To show consistency in outcome with a case previously explained through a full case explanation: Sometimes, you’ll have multiple cases with similar facts and a similar outcome. You almost certainly want to provide a full rule explanation for one at least one of those cases (usually the seminal case, a case with facts most similar to yours, or a case decided by the same court).

But you needn’t bore the judge with a full rule explanation for all the cases, though you want to use the other cases to ensure the judge understands that the law is settled or that multiple courts have reached the same results under similar facts. Parentheticals work well in these situations too.  Take this example from a Daubert motion: 

In Plantation Pipeline Co. v.

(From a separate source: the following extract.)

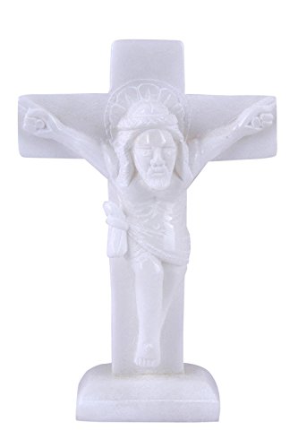 Hashcart (6.5 Inch) White Italian Marble Jesus Cross Statue for Home Décor / Office / Gift
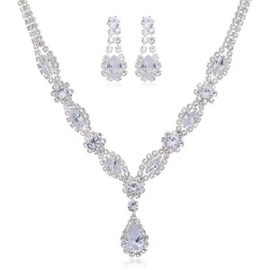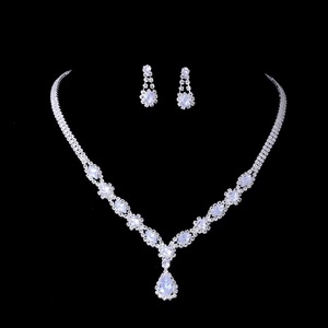 时尚首饰套装女士水钻锆石璀璨项链耳环水滴形轻奢优雅饰品

Continental Casualty Co., No. 1:0-CV-2811, 2008 WL 4737163 (N.D. Ga. July 31, 2008), the parties sought to offer testimony from competing insurance experts regarding when the insured’s duty to report a claim for a gas pipeline leak was triggered and whether the claim was covered under the language of the policy.  The trial court concluded that both experts' opinions were inadmissible under Rule 702 and Daubert because both opinions were improper “expert legal opinion.” Id. at *7.  The court noted that because construction of a contract is a question of law, “[e]xtrinsic evidence to explain ambiguity in a contract becomes admissible only when a contract remains ambiguous after the pertinent rules of construction have been applied.” Id.  Because the trial court had already analyzed the policy at issue and determined it was not ambiguous, the extrinsic opinion evidence was not admissible. Id.; see also Sheet Metal Workers, Int'l Ass'n v. Architectural Metal Works, Inc., 259 F.3d 418, 424 n.4 (6th Cir. 2001) (noting that the opinions of expert witnesses regarding the meaning of contract terms are irrelevant and inadmissible); Marx, 550 F.2d at 511 (vacating jury's verdict where the trial judge allowed testimony of expert who offered opinion on legal standards derived from contract and whether conduct of one party met those standards); Nova Cas. Co. v. Waserstein, No. 04-20755, 2005 WL 5955694, at *2 (S.D. Fla. September 7, 2005) (refusing to allow expert to testify on his interpretation of insurance policy's pollution exclusion because policy language was not ambiguous).

Sheet Metal Workers, Marx, and Nova all support the Plantation Pipeline finding but don’t warrant full rule explanations themselves because they don’t add any reasoning not already explained in Plantation Pipeline. Using parentheticals to explain these cases unobtrusively bolsters the persuasiveness of Plantation Pipeline (after all, other courts follow the same rule) without beating the judge over the head with rule explanations.

To offer an important quote: I also like to use parentheticals for helpful, pithy quotes. The case itself might not warrant a full case explanation (or even any explanation), but if the opinion contains a good quote that’s helpful to my case, I’ll use a parenthetical. This good example comes from a brief I’ve discussed before on this blog—Jeremy Simmons’s brief in Roper v. Simmons:

“Even the normal 16-year-old customarily lacks the maturity of an adult.” Eddings v. Oklahoma, 455 U.S. 104, 115-116 (1982) (quoting Bellotti v. Baird, 443 U.S. 622, 635 (1979)); see also, e.g., Johnson v. Texas, 509 U.S. 350, 367 (1993) (“A lack of maturity and an underdeveloped sense of responsibility are found in youth more often than in adults and are more understandable among the young. These qualities often result in impetuous and ill-considered actions and decisions.”).

Brief for Respondent at 15, Roper v. Simmons, 543 U.S. 551 (2005) (No. 03-633), 2004 WL 1947812 (internal citations and quotes omitted).